É! Porque até os 17 anos eu queria ser atriz. Estudava muito cinema, via muito cinema, mas era muito ligada a essa questão do ator. E vi tanto cinema que resolvi não ser atriz, resolvi ser cineasta. Adorava dirigir atores, adoro, e agora também tô envolvida com pesquisa de dança butô, pensando o corpo… Várias coisas, uma coisa vai levando a outra.
Seu show atual tem um impacto estético muito forte, aquela máscara lembra uma coisa de orixá pós-apocaliptico. Você tem uma bagagem religiosa?
Eu tenho. Não uma religião específica, mas me nutro desses conhecimentos e culturas, me alimento de tudo isso e me sinto totalmente conectada a esse misticismo. Acho que no misticismo negro e indígena, por exemplo, reside a possibilidade de transcender. Agora, eu não sigo uma só religião. Eu sou budista, sou umbandista, sou tudo. Sou macumbeira, maconheira, budista, judia – porque a família da minha mãe é judia. Eu sou descendente de ucraniano com checo, judeus, a família do meu pai era protestante, com vários cruzamentos, e aí se montou o quebra-cabeça. Sou metade colombiana, então também tenho família católica da Colômbia. Sou carioca, mas minha família, apesar de ter ido morar lá, não tem nenhuma raiz carioca.

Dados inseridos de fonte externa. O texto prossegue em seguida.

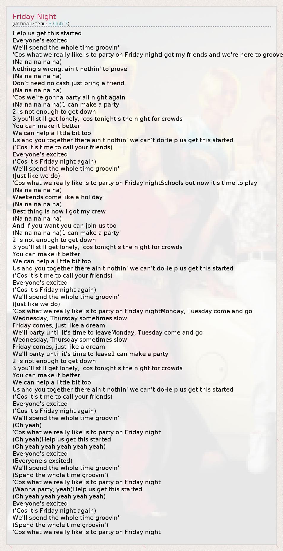 'Cos what we really like is to party on Friday nightI got my friends and we're here to groove

Você já disse que sua arte seria uma arte para uma transrevolução pessoal. Seu grande objetivo enquanto artista está ligado a isso, a promover revoluções pessoais?

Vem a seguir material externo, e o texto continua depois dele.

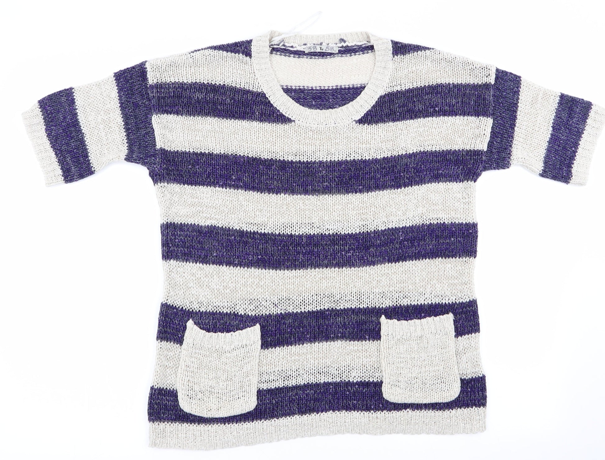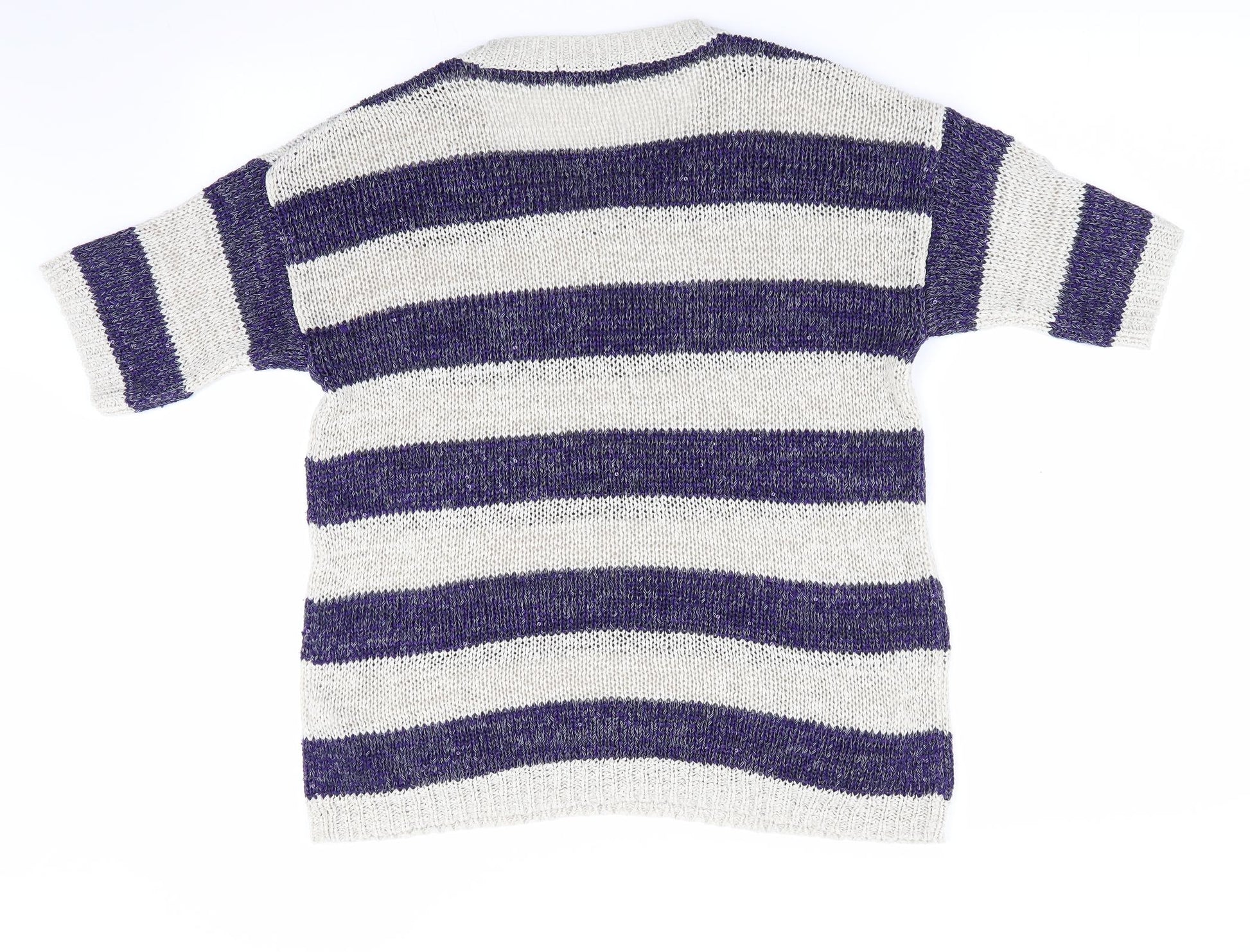 TU Womens Blue Striped Pullover Jumper Size 10 - Sequins all over

É ambicioso isso, né? (Risos) Não… eu tô, primeiro, tentando me transformar. (Risos) É como quando a gente faz um mantra budista, esse ensinamento de você trabalhar uma revolução pessoal, humana, que é dentro de você, e que isso reverbere pra uma revolução mundial, pra paz mundial. Acredito que, através desse trabalho, eu posso reverberar isso. É uma conexão, ao mesmo tempo em que eu tô fazendo isso por alguém, outro tá fazendo por mim também. Não é que eu tô numa ambição megalomaníaca, mas acredito nessa potência de cada um de transformação interna e de transformação coletiva. Essa revolução pessoal tem a ver com muita coisa, com a maneira como a gente se coloca no mundo, como a gente dialoga com o outro. Tem a questão da intolerância, do equilíbrio que a gente pode alcançar entendendo nossas dualidades, feminino e masculino, tem a ver com a questão de ser capaz de superar as guerras e de procurar novos caminhos, tudo isso. É uma coisa que eu não tô vivendo individualmente, a gente tá vivendo um tempo que tá muito conectado a essa ideia de que você pode contagiar o outro, de que novas ideias são bem vindas, de que, porra, talvez seja mesmo possível um caminho sem capitalismo, um mundo mais coletivo. Eu acredito que a arte é uma arma pra isso. No sentido em que todos podem se empoderar, no sentido da invenção. A arte também não é só música, só cinema. Arte é sua invenção cotidiana. Invenção não é inventar uma coisa mirabolante, mas na verdade você se sentir livre pra poder desenvolver qualquer atividade que você quiser dentro dessa liberdade, desse empoderamento, de que você tem um instrumento de expressão, que você é um corpo livre, que você pode se expressar. Enfim, tudo isso. No meu caso, esse movimento se dá através da música, do cinema, da maneira como eu me relaciono com as pessoas, se dá através da maneira como eu gostaria de viver.
Mas como é o desafio de criar uma arte que tenha consciência desse poder dentro de todo um sistema capitalista, comercial.?
Claro, existe isso, existe você lidar com a realidade, o mundo em que a gente vive, que é o mundo cão. Lidar com a realidade e o fato de que é justamente essa arma que vai furar isso. Não existe muito como fugir, mas existe muito o que fazer pra mudar isso. E pra criar, dentro disso, suas condições. Não é se paralizar diante de um modelo que já tá estabelecido, mas usar inclusive isso como inspiração, como motor nesse poder que a arte tem, que é o poder de invenção, o poder de ir, de promover o movimento, de promover o futuro, de ser contracultura, contra essa coisa que já tá estagnada. Então é esse o movimento, entre a cultura e a arte. Você só pode lutar contra inventando novas maneiras. Agora, é isso, é o mundo cão que a gente vive. Cada vez mais, justamente por causa disso, a gente tem que estar cada vez mais ativo e fazer mais e procurar soluções. E não ficar chorando, ou porque não tem uma gravadora, ou porque não tem dinheiro, ou por não sei o quê. É um chorororô danado porque é difícil mesmo pra todos os lados. A gente tem que inventar a nossa maneira. Não tem jeito.